Reputation: 131
I'm trying lasagne and the nolearn NeuralNet function to approximate a simple sin
function. After all, neural nets are proven to be universal approximators, so I wanted to try lasagne on a simple non-linear function to show that fact experimentally. This is the code:
import lasagne
import numpy as np
from lasagne import layers
from lasagne.updates import nesterov_momentum
from nolearn.lasagne import NeuralNet
import matplotlib.pylab as pylab
x=np.linspace(0,1,1000)
y=np.sin(8*x)
# Fit the dimensions and scale
x=x.reshape(1000,1).astype(np.float32)
y=y.astype(np.float32)
y=(y-np.min(y))/np.max(y)
We get the following function:
pylab.plot(x,y)
pylab.show()
Now we create a simple neural net with 100 hidden units to approximate the function:
net= NeuralNet(
layers=[
('input', layers.InputLayer),
('hidden', layers.DenseLayer),
('output', layers.DenseLayer),
],
input_shape=(None,1),
hidden_num_units=100,
hidden_nonlinearity=lasagne.nonlinearities.rectify,
hidden_W=lasagne.init.GlorotUniform(),
output_num_units=1,
output_nonlinearity=None,
output_W=lasagne.init.GlorotUniform(),
update=nesterov_momentum,
update_learning_rate=0.001,
update_momentum=0.9,
regression=True,
max_epochs=500,
verbose=0,
)
net=net.fit(x,y)
Now we predict the x
values with the trained net to see what we get:
yp=net.predict(x)
pylab.plot(x,yp,hold=1)
pylab.plot(x,y)
pylab.show()
And this is what we get! Approximated function. It's ridiculous! And if we increment the number of hidden neurons or the training epochs nothing changes. Other types of nonlinearities just make it worse. In theory this should work much better, what am I missing?
Thank you very much.
Upvotes: 1
Views: 140
Reputation: 131
I finally know what was happening. I post my guess in case anyone comes by the same problem.

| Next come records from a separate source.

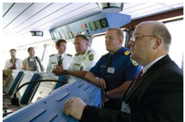
Ootusärev hetk enne õppuse algust

Hästi planeeritud ja läbi viidud õppus, millele antakse adekvaatne hinnang, võib esile tuua puudused planeerimisel, heita valgust nõrkadele kohtadele teenistuses, kaasatavates jõududes ning osutada valdkondadele, kus läheb vaja täiendavat väljaõpet või ressursi.
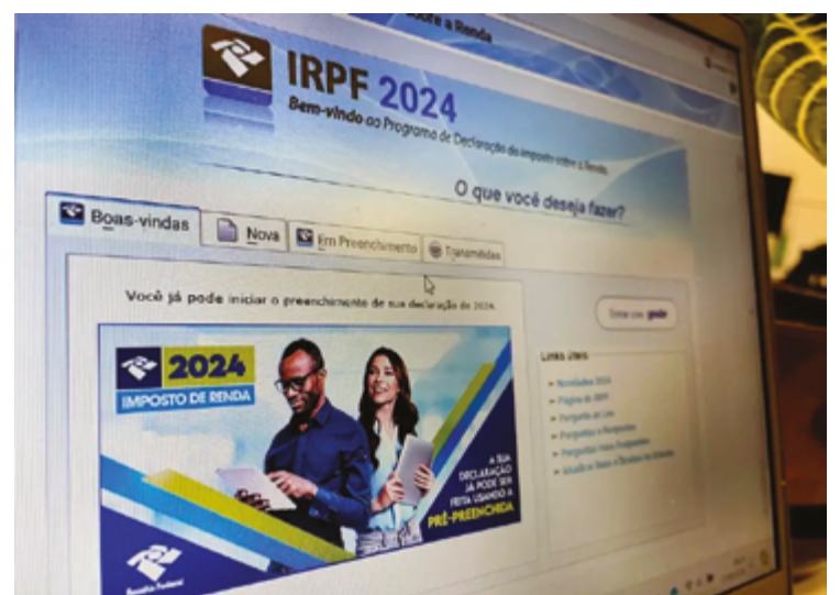
Prestação de contas é obrigatória para todos aqueles que receberam mais de R$ 30.639,90 em 2023; toda movimentação na Bolsa deve ser declarada

Em Anápolis, a Receita Federal estima que 90 mil pessoas devem prestar contas com o leão neste ano. O prazo para a entrega da declaração do IRPF encerra no dia 31 de maio, após a data, o contribuinte está sujeito a multas, problemas no CPF, entre outras consequências.
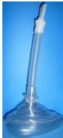
型番 S-006ポケットマスク (マウスピース使用)
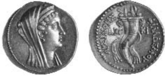
Ptolemaic Egypt, Ptolemy VI, 163-145 BCE, gold octadrachm of Arsinoe, Kition (Cyprus) mint, acquired with funds from the Townsend-Vermeule Fund, 2002.
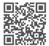
フロン排出抑制ポータルサイト QRコード
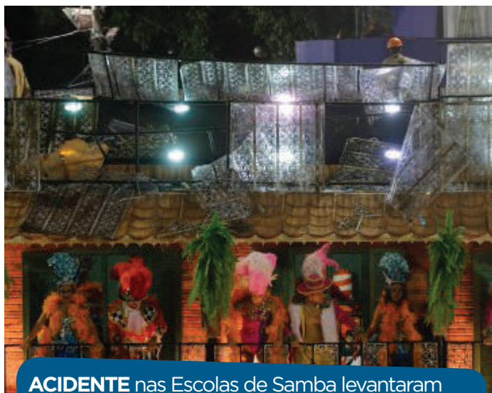
ACIDENTE nas Escolas de Samba levantaram questionamentos sobre importância da ART

Documento obrigatório, a ART identifica o profissional res-
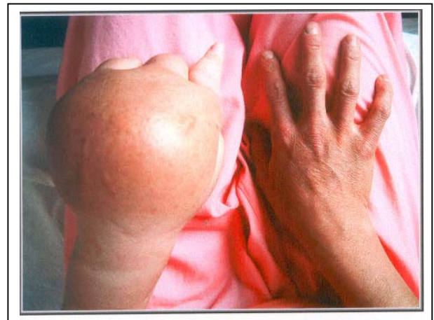
تصویر شماره ۱- ادم شدید دست بیمار

در موقع مراجعه به درمانگاه فیروزگر، در اندام فوقانی چپ در قسمت دیستال آرنج، ادم شدیدی وجود داشت که در دست بسیار شدیدتر و گوده‌گذار بود (تصویر شماره ۱).
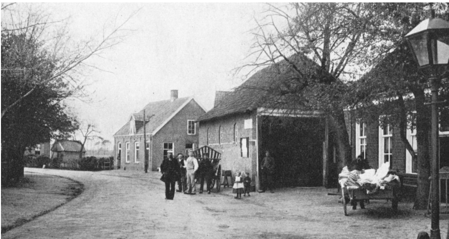
Deze oude ansichtkaart van de Hoofdstraat in Zenderen is gemaakt rond 1909. Geheel rechts de straatlantaarn bij café en logement Haarhuis.

De prijs die geboden wordt, vindt het gemeentebestuur te hoog. Deze is vrijwel gelijk aan de prijs die nu nog berekend wordt door de B.E.M. Daarnaast vindt het gemeentebestuur dat eventuele winsten ten goede moeten komen aan elektriciteitsvoorzieningen in deze gemeente én men wil toezicht kunnen uitoefenen op de gang van zaken. Tevens zijn er een aantal financiële lange termijn risico's verbonden aan het uitgeven van een nieuwe concessie aan de B.E.M. of de IJsselcentrale. De raad besluit daarom op 21 september 1926 de concessie niet te gunnen aan een stroomleveringsbedrijf maar een gemeentelijk elektriciteitsbedrijf op te richten. Uit onderzoek is gebleken dat een dergelijk bedrijf zeer winstgevend is en uit ervaringen van andere kleine gemeenten komt naar voren dat de bedrijfsvoering geen extra kosten met zich mee zal brengen. Behoudens goedkeuring van Gedeputeerde Staten (GS) besluit de raad met ingang van 1 juli 1927 het gemeentelijk Electriciteitsbedrijf op te richten; de bezittingen van de B.E.M. in eigendom over te nemen voor een bedrag van f 25.000,-- , met uitzondering van de hoogspanningskabels, goederen in het magazijn en het leidingnet in Zenderen. Voor de levering van stroom sluit het gemeentebestuur een overeenkomst met het Twentsch Centraal Station uit Hengelo. Het Electriciteitsbedrijf levert de stroom voor de straatverlichting en de huisaansluitingen.
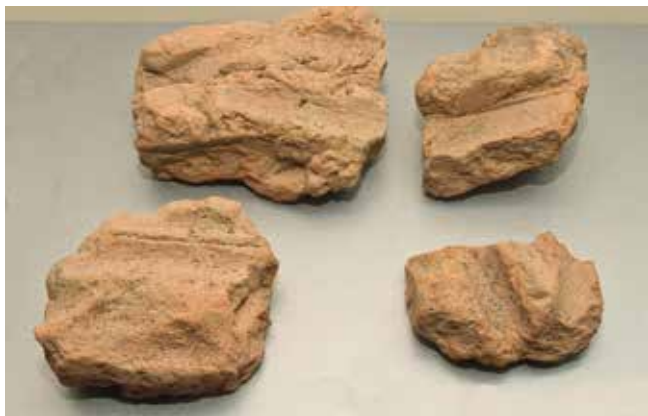
2. Fragmentos de pallabarro do Museo do Castro de Viladonga, Lugo.

Tamén sabemos que nos asentamentos prehistóricos tiñan celeiros soterrados, forrados de cestería para a protección dos alimentos ou forrados de arxila como no caso do xacemento de Monte Buxel en Redondela, cabazas forradas para gardar e transportar líquidos. Ademais de cestos recubertos con barro para o transporte de líquidos e onde, posteriormente, introducían pedras quentes para quecer o contido. Probablemente estes cestos recubertos de barro, ao seren consumidos polo lume deron lugar a unha forma independente de barro moldeado e cocido, isto é a cerámica. A relación entre cestería e cerámica está moi presente nos exemplos de cacharros de barro con decoracións que imitan tramados da cestería como os de tipo campaniforme.
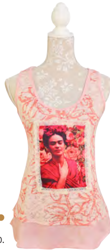
Polera Frida Kahlo.
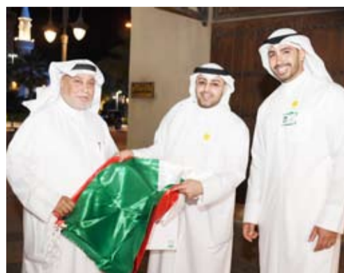
توزيع الاعلام على المارة في مواقع حيوية

أعلن البنك التجاري الكويتي دعمه ومشاركته في الحملة الوطنية «علم الكويت فوق كل بيت»، التي أطلقها مركز العمل التطوعي، برئاسة الشبيخة أمثال الأحمد، بهدف تعزيز قيم الانتماء الوطني، وترسيخ رمزية العلم الكويتي في نفوس المواطنين والمقيمين، في إطار التزامه الراسخ بالأسس ولبية الاجتماعية والوطنية.
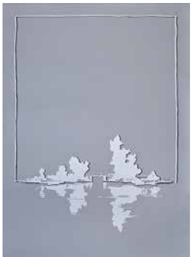
Bez tytułu, 1989 Akryl, papier, 100x70 cm BWA nr inw. BWA 844
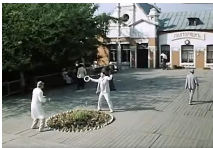
Рисунок 6. Кадр из фильма «Странные люди». Режиссер Михаил Швейцер.
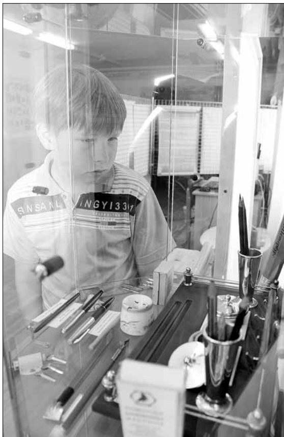
Закрытые витрины убивают интерес детей к истории вещей

Однако в начале 90-х государство меняет свою политику в области образования и сообщает школам, что отныне их единственной обязанностью остается только образование. О воспитании в учебных заведениях не вспоминают в течение почти десяти лет. Школьные музеи тоже становятся жертвами новой идеологии. Экспонаты складывают в коробки и отвозят на свалку, а помещения либо трансформируют в классы, либо сдают в аренду. >> 2
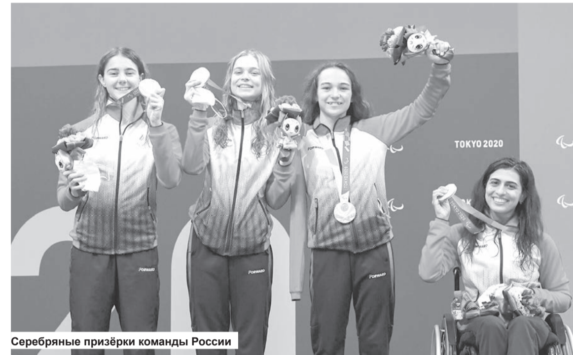
Серебряные призёрки команды России

Юная пловчиха из Орска в Токио прилетела четырёхкратной чемпионкой Европы,
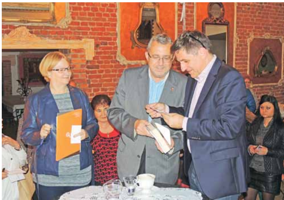
Chwila dla fanów.

– W przerwie w pracy pojechałem do jednej z galerii robić zakupy, wysiadając z samochodu rozmawiałem przez telefon;
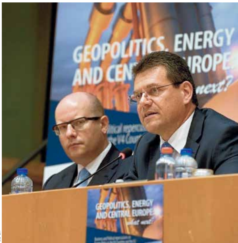
NESHODA. Rozdílný názor na zvýšení energetických úspor mezi premiérem Bohuslavem Sobotkou (vlevo) a místopředsedou Evropské komise pro energetickou unii Marošem Šefčovičem je spíše výjimka.

Místopředseda komise pro energetickou unii, Maroš Šefčovič ale upozornil, že většina zemi návrh naopak vítá. „My jsme si vymodelovali 27 procent, 30, 33, 37, a dokonce 40 procent. A nejdůležitější bylo najít nákladově nejefektivnější způsob. Jednoznačně nám vyplývalo – i vzhledem
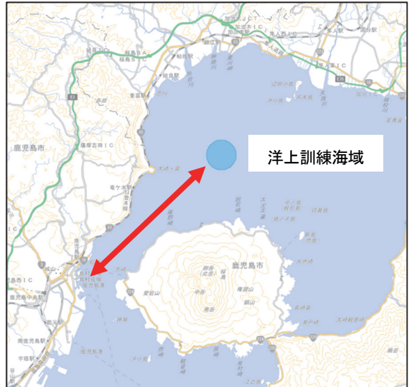
図4 洋上訓練海域 (鹿児島湾内)

(海洋状況表示システム ( https://msil.go.jp/ ) を加工して作成)
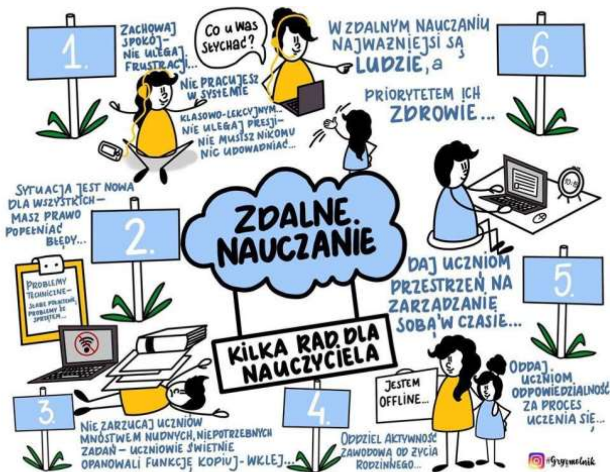
Autor grafiki: Barbara Grzelak MYŚLOGRAFIA
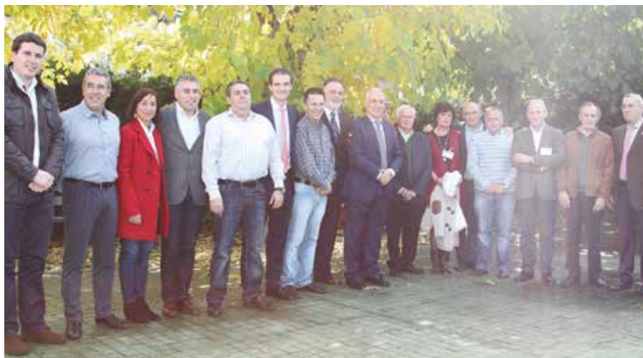
Nueva Comisión Ejecutiva de la Federación Riojana de Municipios.

La Federación Riojana de Municipios (FRM) también ha renovado sus órganos de gobierno. Continúa como Presidente el Alcalde de Huércanos,
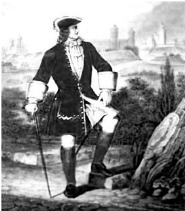
Офицер-семеновец в мундире петровских времен

В кампанию 1813 г. участвовал в сражениях при Лютцене, Баутцене, Кульме и Лейпциге, в кампанию 1814 г. дошел до Парижа.
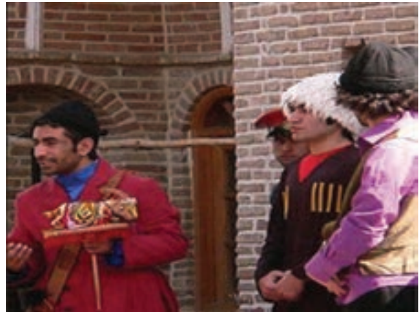
شکل ۱۱-۳- مراسم تکم‌گردانی
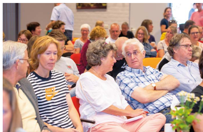
Deelnemers in afwachting van de volgende lezing...
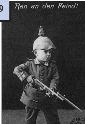
Німецька листівка: «Біжи на ворога!»

6. Чим і чому подібні джерела 48 і 49? Зверніть увагу: одне з них походить з країни Антанти, а друге – Четверного блоку. Як ви думаете, чому діти з'являються на листівках і фотографіях з атрибутами війни? Яку роль виконували такі зображення?
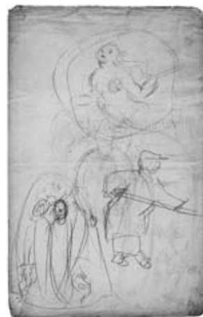
図22 《走る女と表紙下絵》 三重県立美術館蔵
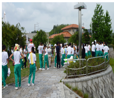
小・中学生 夏休み環境美化ボランティア
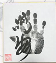
●力士直筆サイン例

お楽しみコーナー&抽選会も実施 開場直後からの力士四名による握手会のあと、力士に直接質問して大相撲の知識を深めていただける質問コーナーや、ご来場の皆様から抽選で20名様に、力士直筆サインや相撲土産が当たる、お楽しみ抽選会も行います。巡業ならではの楽しい企画が盛りだくさんです。
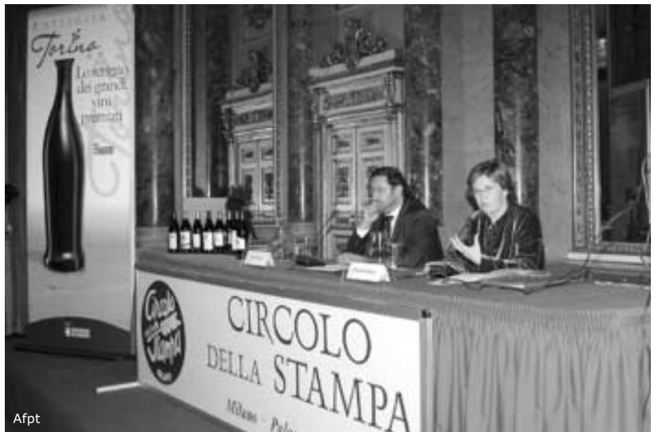
Bresso e Bellion presentano la "Bottiglia Torino" ai giornalisti milanesi

Mercoledì 21 gennaio, presso la Sala napoleonica del Circolo della Stampa di Milano la presidente della Provincia Mercedes Bresso e l'assessore all'agricoltura Marco Bellion hanno presentato la Bottiglia Torino a decine di giornalisti di testate del settore vitivinicolo, del turismo, dell'enogastronomia e dei maggiori quotidiani milanesi. "La Bottiglia Torino - ha osservato Mercedes Bresso - ha lo scopo di offrire ai vini di qualità del nostro territorio una forma adeguata a esprimerne l'eccellenza e, al tempo stesso, uno strumento per promuoverne la commercializzazione". "La bottiglia - ha aggiunto Bresso - rappresenterà un premio per i produttori; un distintivo per i vini che metaforicamente lo indosseranno e al tempo stesso una garanzia per i consumatori che chiedono sicurezza e qualità nei prodotti". "Siamo certi - ha concluso la Presidente - che l'eleganza della confezione offrirà una spinta forse decisiva all'affermazione definitiva dei nostri vini migliori". Successo della degustazione dei prodotti tipici e dei vini selezionati della provincia di Torino.
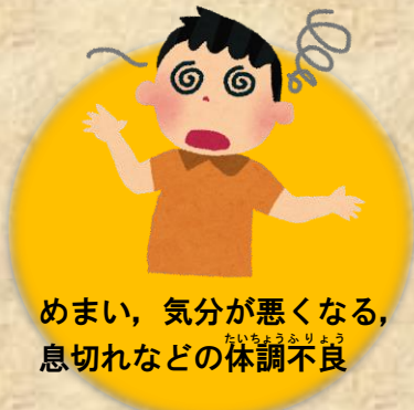
めまい、気分が悪くなる、 息切れなどの体調不良
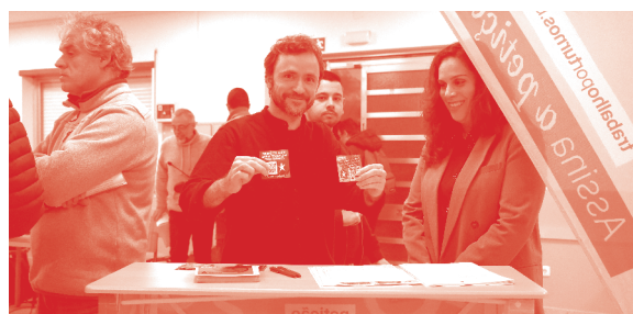
IMG.2 Sessão de conversa com trabalhadores por turnos

Vamos mudar a vida de quem trabalha por turnos e garantir regras para o seu descanso, nos fim-de-semana e entre turnos. Vamos reconhecer o desgaste de quem vive a vida do avesso, garantindo a antecipação da idade da reforma e a atribuição obrigatória de um subsídio por turnos de pelo menos 30% do salário.
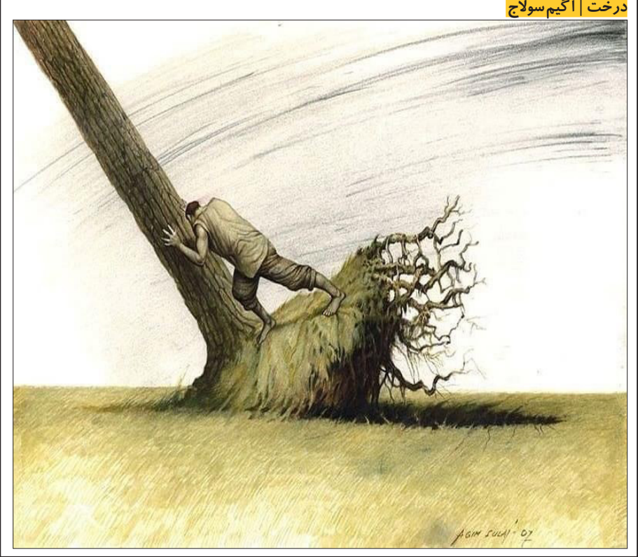
درخت آکیم سولاج

در روزهای اخیر در اکثر مناطق هوا بسیار سرد شده به طوری که در فصل پائیز این سرما کمتر سابقه داشته است. به هنگام سرما و فصل زمستان افراد آسیب‌پذیری که محل زندگی مناسب ندارند ترجیح می‌دهند فصل سرما را در زندان به سر برند حتی عمدا مرتکب جرم می‌شوند تا به زندان برده شوند، با این حال همه‌ساله تعداد بسیاری از افراد فاقد سرپناه و معتادان در فصل زمستان جان‌شان را از می‌دهند. برابر اعلام سازمان زندان‌ها تعداد زندانیان در کشور حدود ۲۰۰ هزار نفر است، ۷۰ درصد آن یعنی ۱۴۰ هزار نفر از زندانیان به‌طور مستقیم و غیرمستقیم در رابطه با جرایم مواد مخدر در زندان هستند که عدد بسیار بالایی است. اگر هزینه نگهداری و مراقبت هر زندانی را حدود دو میلیون تومان در ماه برآورد کنیم، ملاحظه می‌شود که هزینه آن برای کشور چه عدد بزرگی می‌شود. ستاد مبارزه با مواد مخدر می‌گوید تعداد معتادان حدود ۱۲/۲ میلیون نفر است و ۴/۱ میلیون نفر هم معتاد شناسایی نشده وجود دارد در این بین تعداد ۶۴ هزار نفر معتادان متجاهر هستند که حضورشان در سطح شهر و معابر به چشم می‌خورد، بعضاً در گوشه‌ای کز کرده و مشغول مصرف مواد مخدر هستند، برخی نیز در یکی از این شب‌ها از سرما تلف می‌شوند البته تعدادی از این معتادان از افغانستان هستند که در کشور ما زندگی می‌کنند. افرادی که به صورت تقننی و آزمایشی مواد مخدر مصرف کرده و تصور نمی‌کنند معتاد شوند باید بدانند که در راهی بدون بازگشت نام نهاده‌اند و زمان زیادی نخواهد گذشت که این افراد هم به خیل معتادان خواهند پیوست.
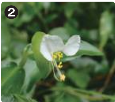
8/11 シロバナツユクサ 花卉が白くなったツユクサの突然変異種とされる。中央広場周りの園路脇で咲いていた。
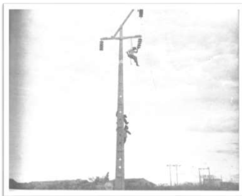
Figura 15. Trabalhadores na Instalação de Redes de Eletricidade.

Além das precariedades de subsistência e saúde nas frentes de serviço, pode-se considerar que o DNOCS, em diversas situações, também assumiu os riscos de colocar em perigo a vida dos seus trabalhadores, sobretudo quando se observam os casos de “acidentes” de trabalho, pois além de esgotados e mal alimentados, os trabalhadores labutavam de sol a sol, frequentemente sem equipamentos de segurança adequados, mesmo em serviços onde havia ameaça direta de eventos fatais, como a instalação de linhas de energia e perfuração de túneis, conforme imagem abaixo.
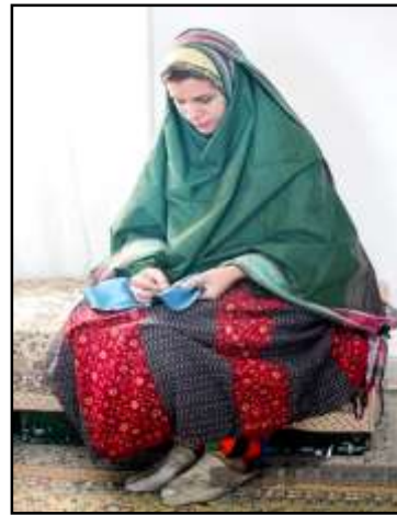
تصویر ۳: لچک و مکنای، منبع: www.amordadnews.com.

- چارقد: چارقد، دستمالی کلاغی یا سفیدرنگ است که زنان آن را لچکی کرده و بر روی مکنای مانند عمامه بسته و دوسر آن نیز از پشت آویزان می‌شود. در گذشته بانوان برای محافظت سر و گردن از سرما و نیز برای استوارماندن مکنای آن را می‌بستند، تا مکنای جابه‌جا نشود که البته امروزه منسوخ شده است (دانشور و بهنام، ۱۳۷۶: ۱۸). (تصویر ۵ و ۶)
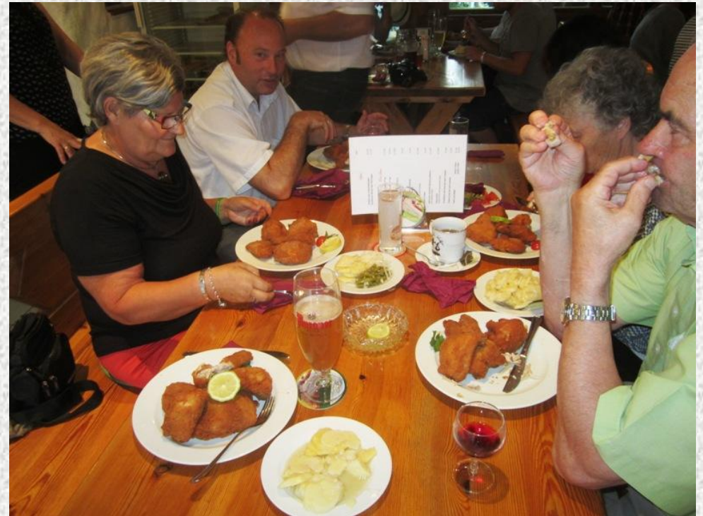
..... den Abschluss bildete ein „Backhendlschmaus“ in der Steiermark!
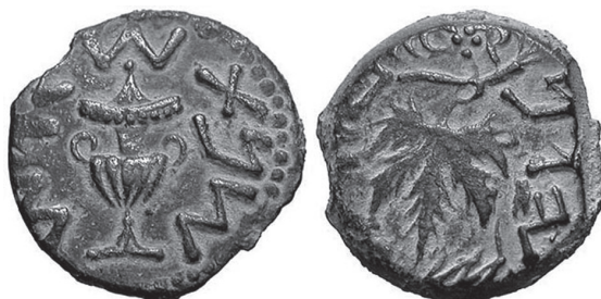
Para evitar la falsificación, las primeras monedas fueron acuñadas por las 2 caras.

El primer antecedente de falsificación de moneda se encuentra en Francia, en 1529. El rey de Francia, Francisco I, pagó 12 millones de escudos como rescate de uno de sus hijos retenido en España, los secuestradores comprobaron durante cuatro meses la autenticidad de todas y cada una de las monedas, el resultado fue el rechazo de 40.000 monedas por no cumplir los requisitos exigidos.
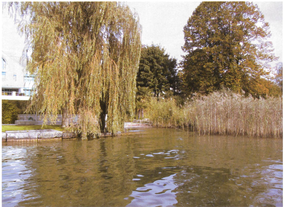
Bild 2. Ufergestaltung bei Privatgrundstück.
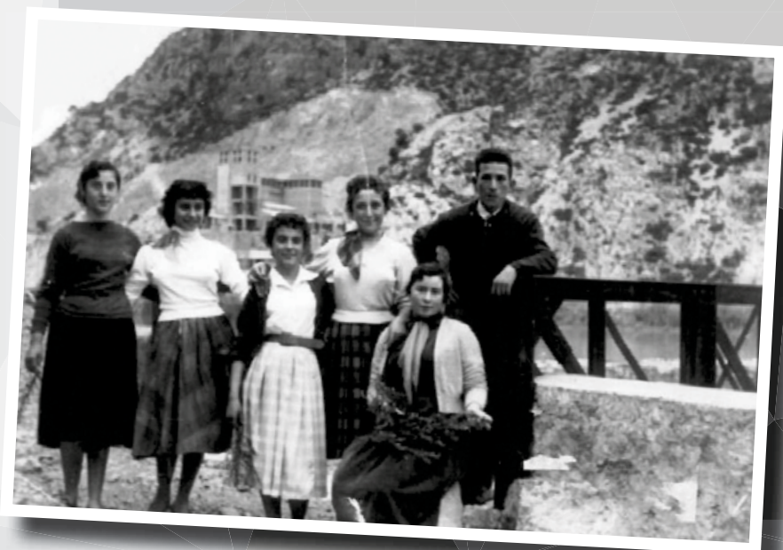
La Fogasseta, abril de 1958

En finalitzar el ball discoteca mòbil amb DJ Alex Blay. Col·labora: Associació de Joves de Xerta.

As it is known, NeuralNet from nolearn environment uses batch training. I don't exactly know how it chooses the batches, but it seems to me that it chooses them sequentially. Then, if the data is not randomized, a batch would not be statistically representative of the whole (the data is not stationary). In my case, I made x=np.linspace(0,1,1000)
, and thus the statistical properties of each batch would be different because there's a natural order.
If you create the data randomly instead, i.e., x=np.random.uniform(size=[1000,1])
, each batch would be statistically representative, independently of where it is taken from. Once you do this, you can increase the epoch of training and improve convergence to the true optima. I don't know if my guess is correct, but at least it worked for me. Nevertheless I will dig more into it.
Upvotes: 2